The Texas Court of Criminal Appeals, in Ramos v. State, 419 S.W.2d 359 (Tex.Cr.App.1967), stated the applicable rule with respect to personal opinion given by the prosecution in final argument:
It is well-settled that the prosecutor can argue his opinions concerning issues in the case to the jury so long as the opinions are based on evidence in the record, and not as constituting unsworn testimony. Van Skike v. State, Tex.Cr.App., 388 S.W.2d 716 (1965); Johns v. State, 157 Tex.Cr.R. 401, 249 S.W.2d 61 (1952); Vineyard v. State [96 Tex.Cr.R. 401, 257 S.W. 548], supra.
It is settled that the approved general areas of jury argument, .within which all proper arguments must fall are: (1) summation of the evidence: (2) reasonable deduction from the evidence; (3) answer to argument of opposing counsel; and, (4) plea for law enforcement. Dunbar v. State, 551 S.W.2d 382 (Tex.Cr.App.1977); Alejandro v. State, 493 S.W.2d 230 (Tex. Cr.App.1973).
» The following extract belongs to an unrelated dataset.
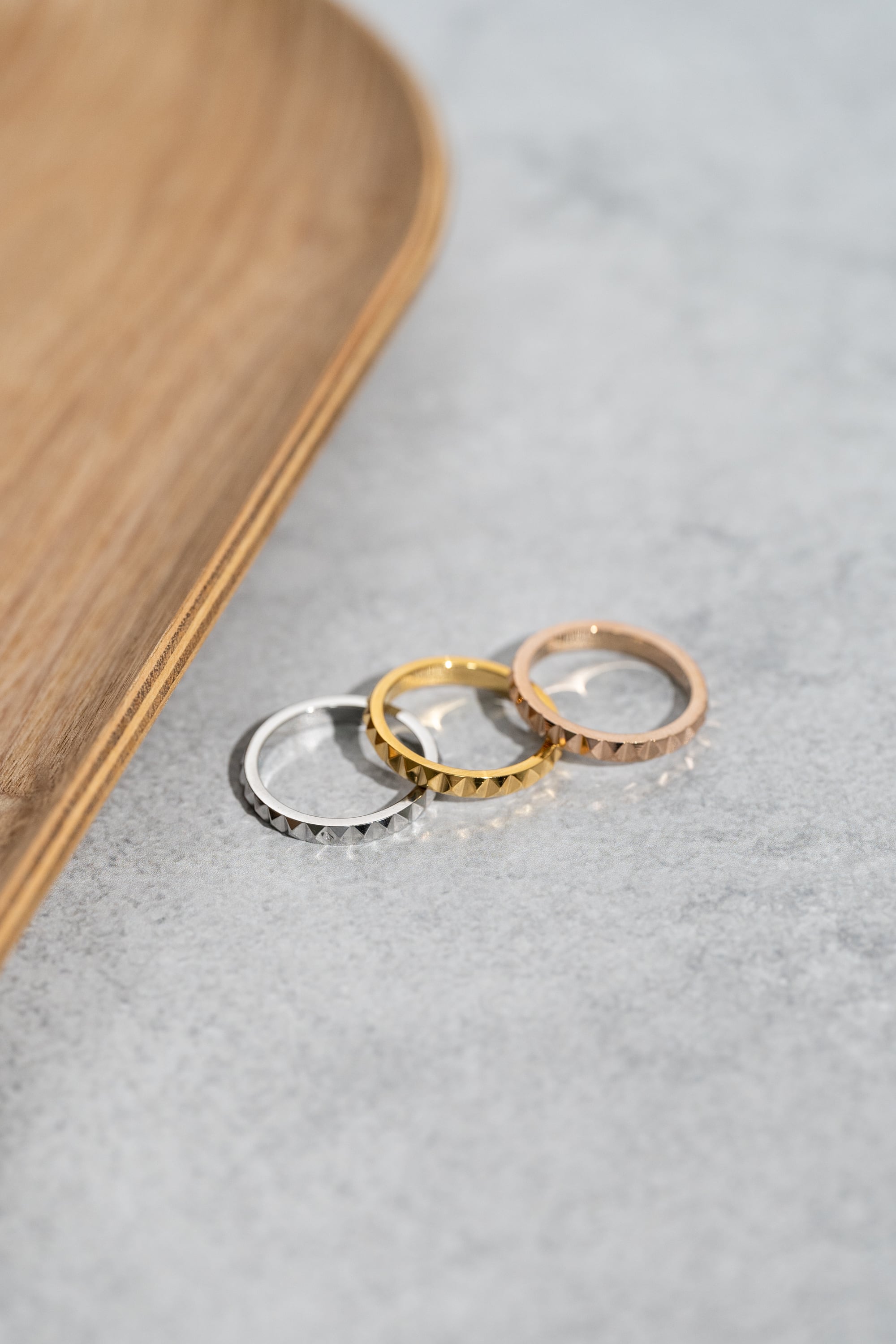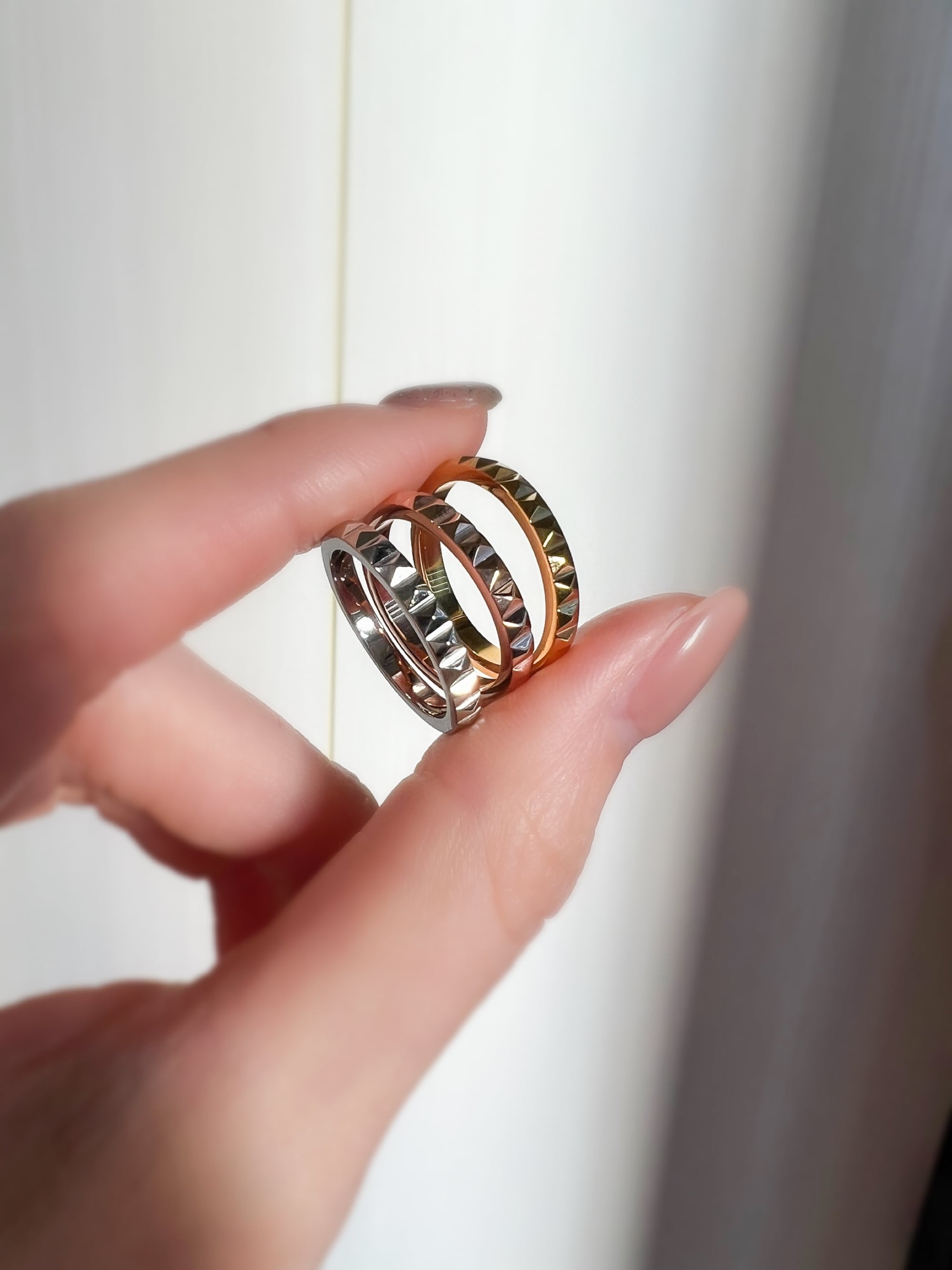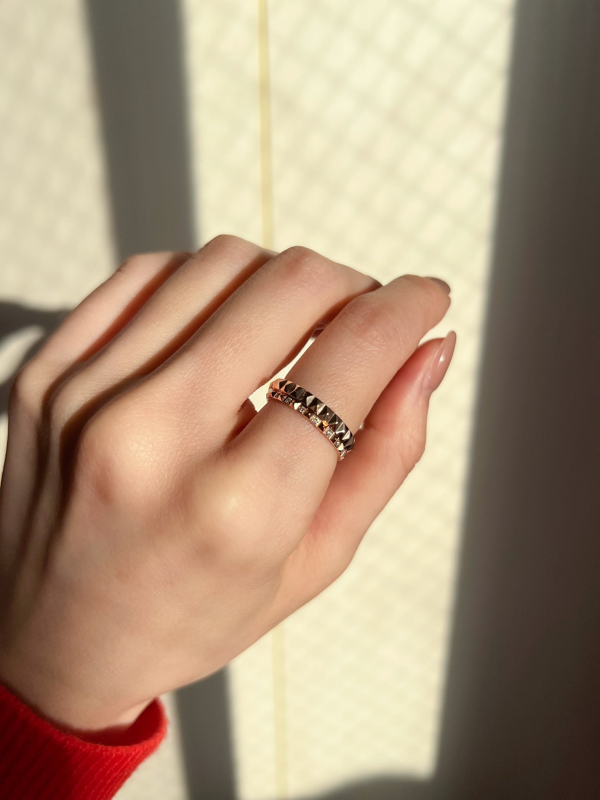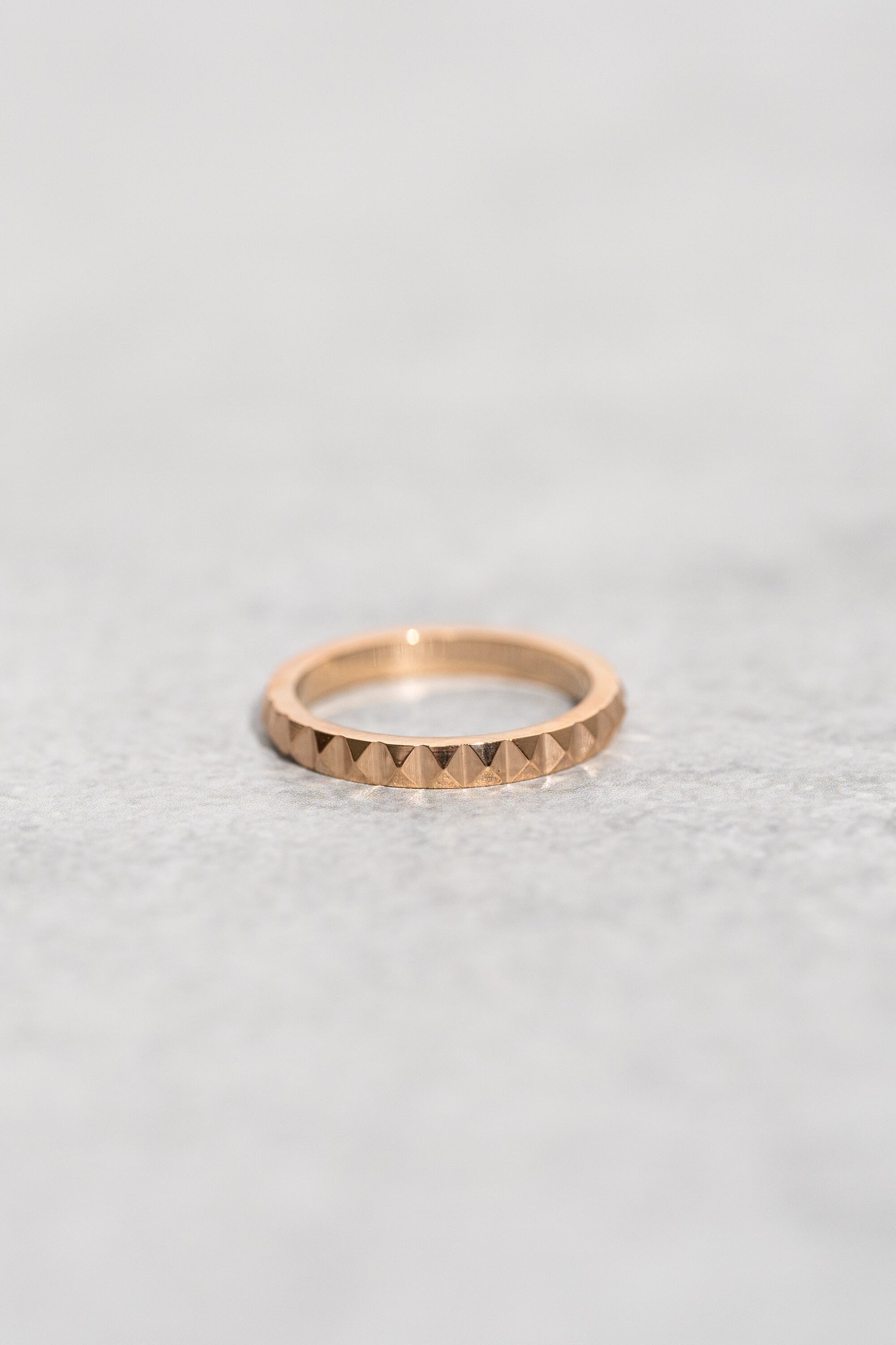 全周にわたる丸みの帯びたエタニティタイプのスタッズは多面的なデザインで光をあらゆる角度から反射するので、キラキラと輝き存在感があります♡エッジの効いたデザインですが細身フレームのため洗練された指先を演出✨

Even when an argument exceeds the permissible bounds of the above areas, such will not constitute reversible error unless, in light of the record as a whole, the argument is extreme or manifestly improper, violative of a mandatory statute or injects new facts, harmful to the accused into the trial proceeding. Kerns v. State, 550 S.W.2d 91 (Tex.Cr.App.1977); Thompson v. State, 480 S.W.2d 624 (Tex.Cr.App.1972).
We view these two arguments as the prosecutor’s deductive opinion of the evidence, based on an analysis of the evidence introduced at trial. Therefore, we hold that appellant was not denied effective assistance of counsel in this regard. Appellant’s second ground of error is thus overruled.
The judgment of the trial court is affirmed.